Coin Rivet further acknowledged that “none of the women in the images Mr. Ayre tweeted were ‘pre-teen’ or under the age of consent. We also accept that Mr. Ayre has not been referred to the police or child abuse charities over his tweets. There are no grounds to suspect him of child abuse.”
Coin Rivet has since removed “all articles on this topic” along with all links to the articles on its social media accounts. Coin Rivet has also agreed to join in “a statement to the English High Court” in settlement of Ayre’s complaint.
One of Coin Rivet’s more egregious articles was written by Helen Bennicke, who claimed that she and another Coin Rivet colleague had reported Ayre to police and child protection charities. Coin Rivet editorial director Darren Parkin later confirmed that Bennicke had subsequently confessed that neither she nor her colleague had taken any such action. Coin Rivet has severed its ties to Bennicke.
Ayre previously announced that he would forward all monetary damages received via his legal action to the five Cuban women whose reputations have been forever tarnished by the reckless reporting of Coin Rivet and other crypto bloggers.
Since this uproar began, the women have been questioned by local police on suspicion of prostitution, a serious charge in a police state such as Cuba. So while this settlement with Coin Rivet marks the end of a road for Ayre, these five women will continue to unnecessarily suffer the fallout for a long time to come.

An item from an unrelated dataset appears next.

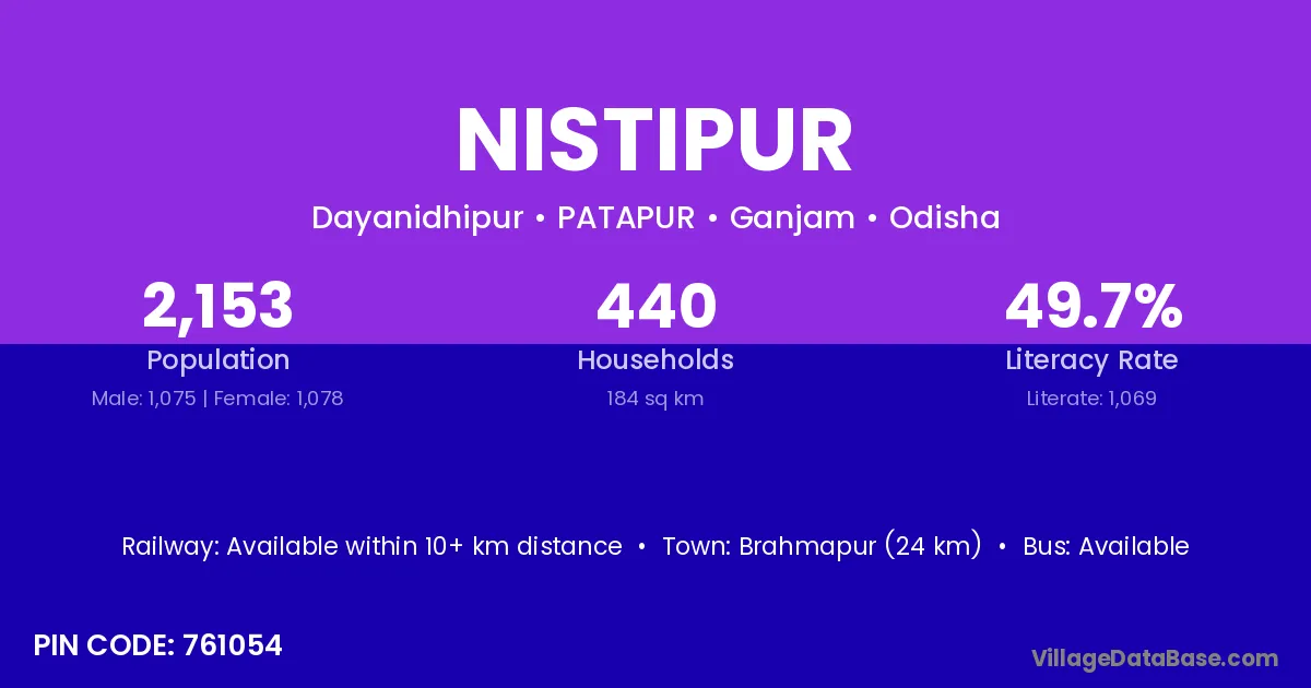Brahmapur (24 km) is the nearest town to Nistipur village for major economic activities and is located approximately 24 km away.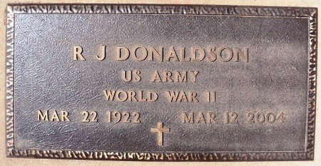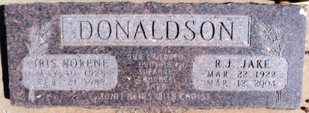 R.J. (Jake) Donaldson went to be with his Lord, on Thursday, March 12, 2004. He was born March 22, 1922, to A.W. and Amy Lee Cartmell Donaldson in the Fairmont area. He was one of eight children and the three youngest sons (Tom, Don and Jake) are still remembered for their mischievous antics. (They referred to themselves as the "Dalton Boys", and oh, the stories they have told!)

Ayre has also warned that Coin Rivet is just the first stop in his pursuit of legal remedies. There are numerous other crypto blogs and social media accounts who took great delight in regurgitating the same falsehoods. These individuals are now faced with a binary choice: delete their lies or defend them in court.
Coin Rivet denied that their publishing of these falsehoods was driven by any ‘malicious agenda’ against Ayre or the Bitcoin Satoshi Vision (BSV) protocol that he champions. Other members of this libelous posse, many of whom actively promote rival cryptocurrencies that don’t feature BSV’s capacity for massive on-chain scaling, will find it a lot more difficult to make similar denials.
Ayre has also voiced suspicions that the timing of these public attacks was intended to diminish interest in the upcoming CoinGeek Conference in Toronto on May 29-30. Anyone wishing to learn more about BSV’s pivotal role in the future of money – or to hoist a victory toast with Ayre at the Conference after-party – will find it well worth their while to attend.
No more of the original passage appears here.